Who Are Joseph Massad and the Other Columbia Professors Mentioned in the House Hearing?

By Equipo
6 Min Read

Several Columbia faculty members — Joseph Andoni Massad, Katherine Franke and Mohamed Abdou — were in the spotlight at Wednesday’s hearing before the House Committee on Education and the Workforce.

All three had taken pro-Palestinian stances, and lawmakers grilled university officials over how they responded to what Columbia’s President Nemat Shafik agreed were “unacceptable” comments by the faculty members.

At the hearing, Dr. Shafik divulged that two of the professors — Dr. Massad and Ms. Franke — were under investigation for making “discriminatory remarks,” and said that Dr. Abdou “will never work at Columbia again.” Such responses drew a sharp rebuke from some professors and the American Association of University Professors, which said she capitulated to political grandstanding and, in the process, violated established tenets of academic freedom.

“We are witnessing a new era of McCarthyism where a House Committee is using college presidents and professors for political theater,” said Irene Mulvey, national president of the AAUP. She added, “President Shafik’s public naming of professors under investigation to placate a hostile committee sets a dangerous precedent for academic freedom and has echoes of the cowardice often displayed during the McCarthy era.”

Dr.
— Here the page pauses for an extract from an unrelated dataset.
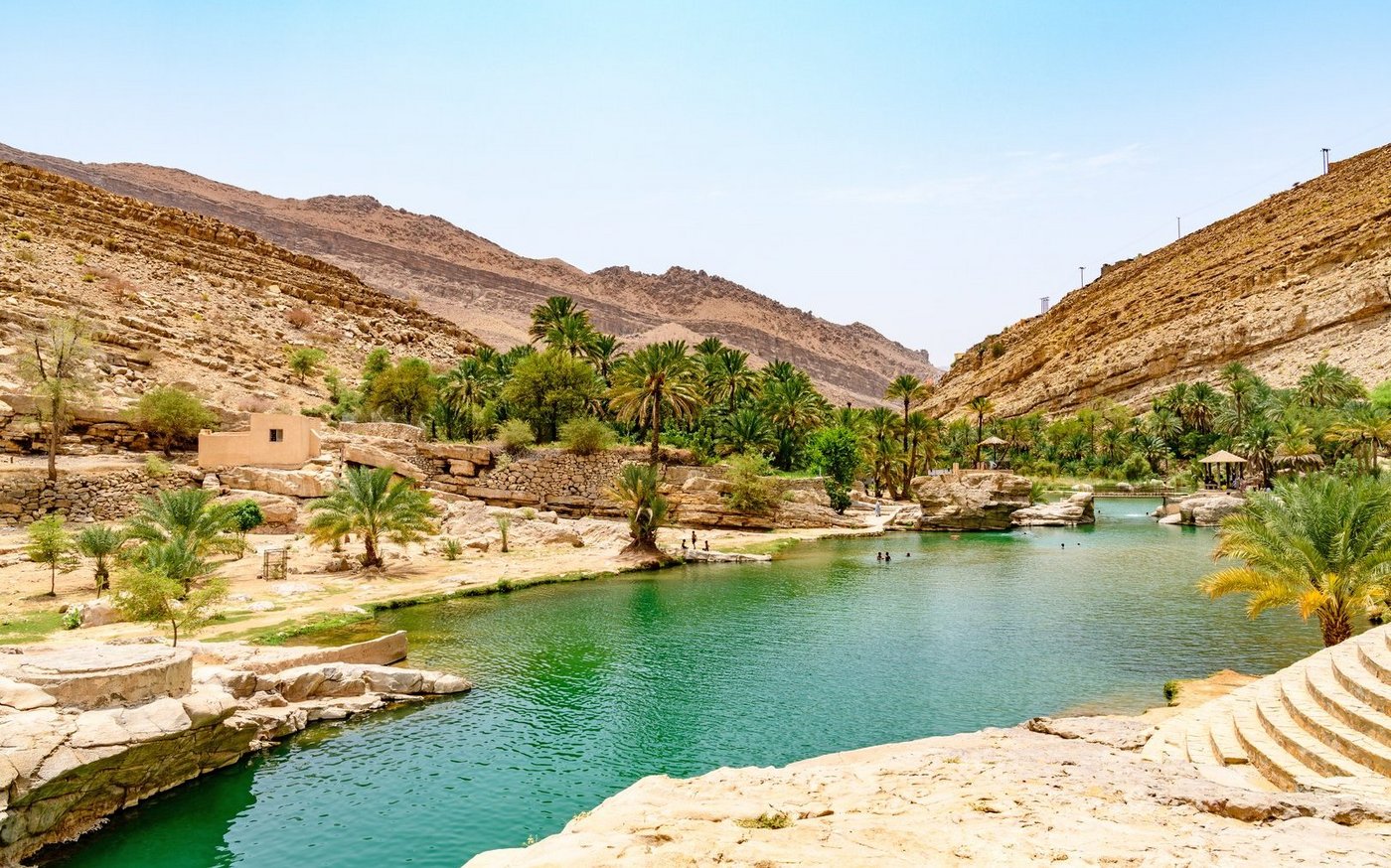 Frühaufstehern empfehlen wir heute den Aufstieg auf die Dünen, um den einmaligen Sonnenaufgang zu geniessen. Sie verlassen die Wüste und fahren an die Küste nach Sur, der Legende nach Heimatort von Sindbad dem Seefahrer. Dort besuchen Sie eine traditionelle Dhau-Werft. Sie ist die letzte ihrer Art auf der Arabischen Halbinsel. Eine Dhau ist ein traditionelles Holzboot, das früher zum Fischfang und Handel eingesetzt wurde. Sie hatten vor allem im Roten Meer und im Indischen Ozean ihre Heimat. Anschliessend Fahrt nach Wadi Tiwi, auch bekannt als das «Wadi der neun Dörfer». Es ist eines der beeindruckendsten Wadis im Oman. Gelegen an der Küste des Golfs von Oman, bietet dieses Wadi eine Mischung aus smaragdgrünen Pools, steilen Klippen und üppigen Palmenhainen. Das Tal ist berühmt für seine idyllische Landschaft und die traditionellen Dörfer, dichten Plantagen mit Bananen-, Mango- und Feigenbäumen. Spaziergang durch das Dorf und Fahrt tiefer in die Berge, um die traditionelle Lebensweise der Bevölkerung kennenzulernen.

Massad, who is of Palestinian Christian descent, was the focus of Representative Tim Walberg’s questioning. He teaches modern Arab politics and intellectual history at Columbia, where he also received his Ph.D. in political science.

Long known for his anti-Israel positions, he published a controversial article in The Electronic Intifada last October, in the wake of the Hamas attack, describing it as a “resistance offensive” staged in retaliation to Israel’s settler-colonies near the Gaza border.
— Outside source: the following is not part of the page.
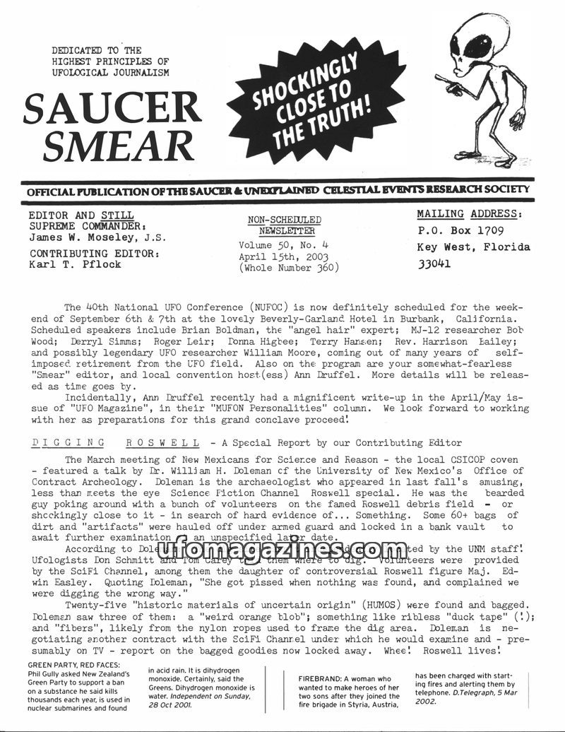 This issue of Saucer Smear features a review of Karl Pflock's book 'Roswell: Inconvenient Facts and the Will to Believe,' which disputes the Roswell alien crash narrative. It also

The piece drew a visceral response and demands for his dismissal in a petition by a Columbia student that was signed by tens of thousands of people. The petition specifically criticized Dr. Massad’s use of the word “awesome” to describe the scene of the attack.

Dr. Massad’s posture has drawn controversy for years. When he was awarded tenure in 2009, 14 Columbia professors expressed their concern in a letter to the provost. Generally, professors with tenure face a much higher bar for termination than those without the status.

More recently, however, professors nationally have rallied to support him, emphasizing his academic right to voice his opinion.

In a statement after the hearing, Dr. Massad said that the House committee members had mischaracterized his article. Mr. Walberg said that Dr. Massad had said Hamas’s murder of Jews was “awesome, astonishing, astounding and incredible.”

“I certainly said nothing of the sort,” Dr. Massad said.

In testimony responding to questions from Mr. Walberg, a Michigan Republican, Dr. Shafik said that Dr. Massad had been removed from a leadership role at the university, where he headed an academic review panel.

But Dr. Massad said in an email that he had not been notified by Columbia that he was under investigation, adding that he had been previously scheduled to end his chairmanship of the academic review committee at the end of the semester, a statement that a spokesman for Columbia verified after the hearing.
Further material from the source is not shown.